Deployment failures at Kubernetes are cryptic and not intuitive for debugging. Users need to identify the errors from pod logs, pod events (describe pod), pod status, resources associated to pods, etc. Users have to go back and forth querying multiple resources effectively executing a flowchart in their mind to troubleshoot the error which makes it very cumbersome, time-taking and repetitive.


Simplified Troubleshooting

When an issue occurs during deployment, abstraction helps users rapidly troubleshoot. Such an abstraction would automatically run the necessary steps behind the scenes to determine the potential cause of the error in general developer terminology. HyScale provides an app-centric abstraction to solve these complexities involved.

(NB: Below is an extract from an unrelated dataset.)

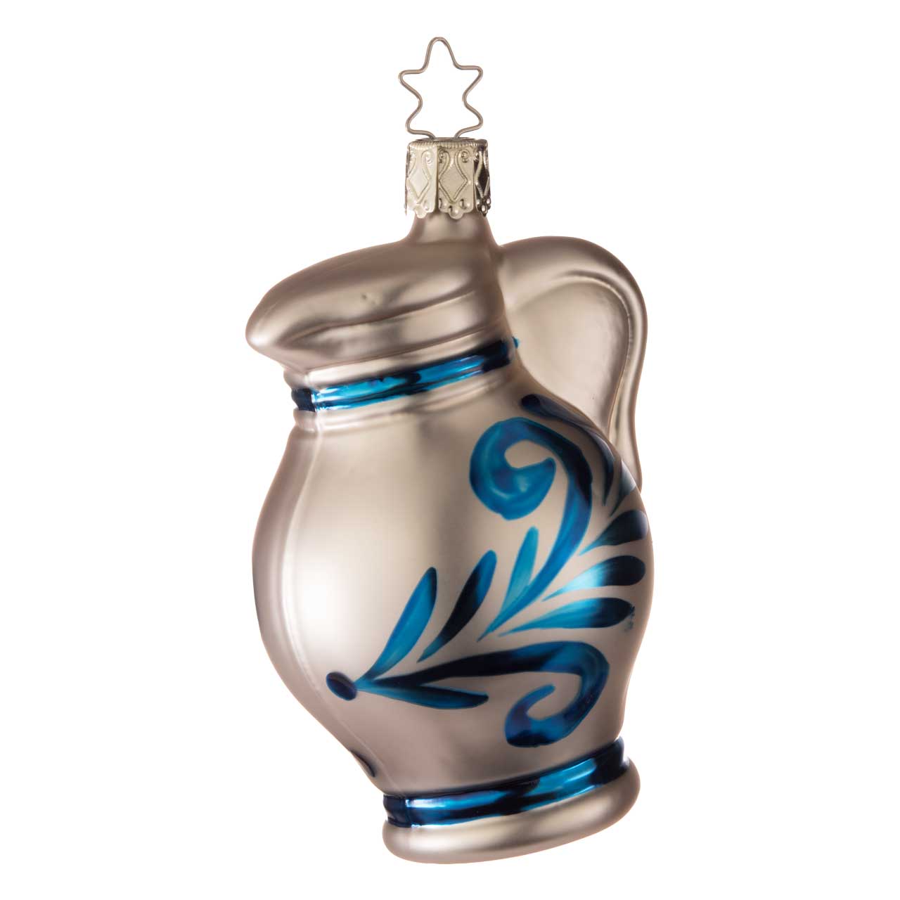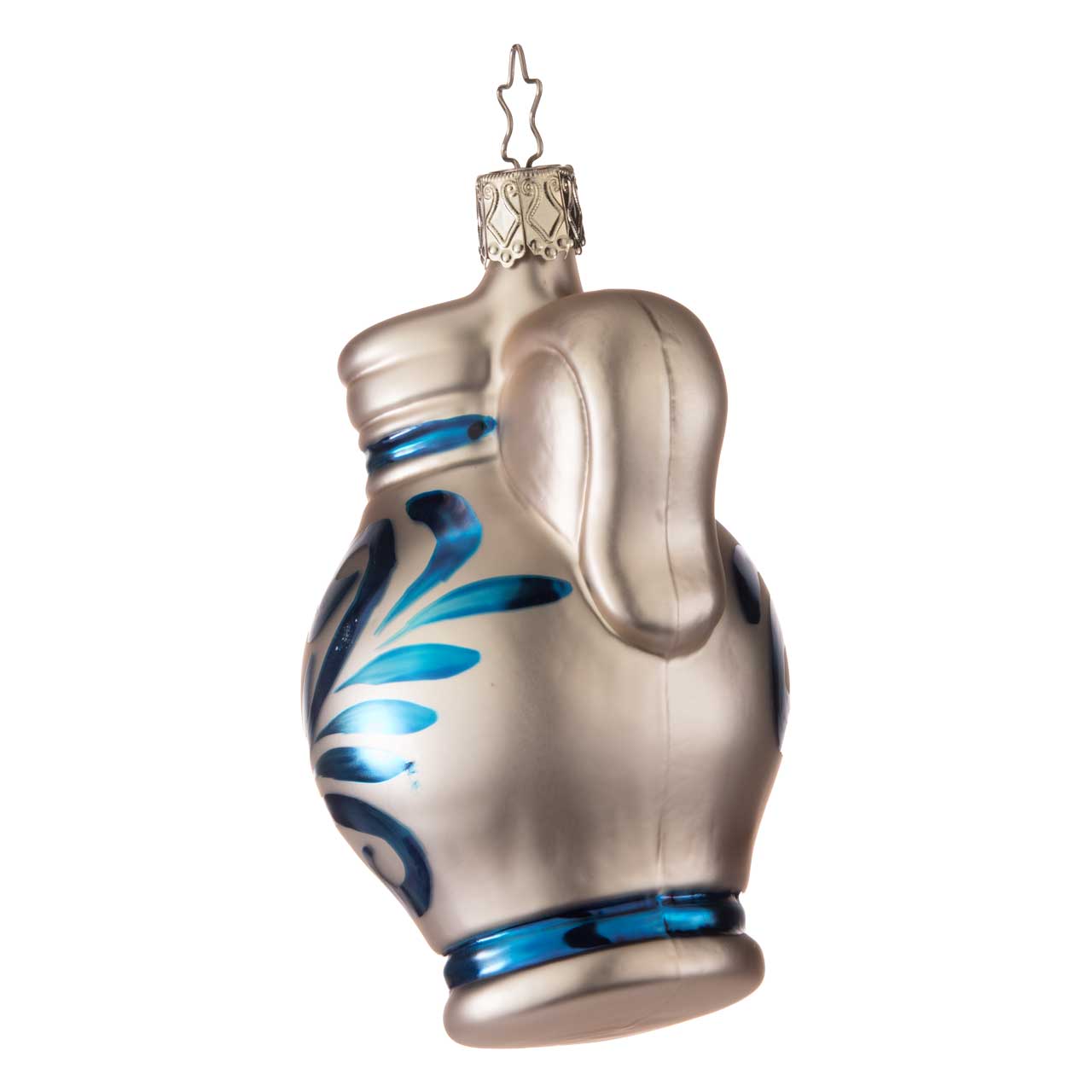 This figurine faithfully reproduces the characteristic shape of the Bembel with its curved handle and bulbous body. In matt gray and decorated with bright blue ornaments, it looks both traditional and stylish. The harmonious color scheme and distinctive jug shape make this ball a charming eye-catcher with regional flair.

Example Scenario 1 -CrashLoopBackOff

For example, when a particular pod fails with a “CrashLoopBackOff”, the user does not get to know what went wrong exactly.For instance, the CrashLoopBackOff might be due to health check failure, start command failures or a missing entrypoint in the image , multiple restarts of the pod etc.

Example Scenario 2 -Pending Pod

Another example could be a ‘Pending Pod’, what could be the problem ? In this case, HyScale will determine whether it is due to “Pending Volume that has not attached to the Pod” or “insufficient memory in the cluster” or some other reasons.


Below table shows several of complex error messages in Kubernetes and the possible causes as determined by HyScale, in a simple and understandable way.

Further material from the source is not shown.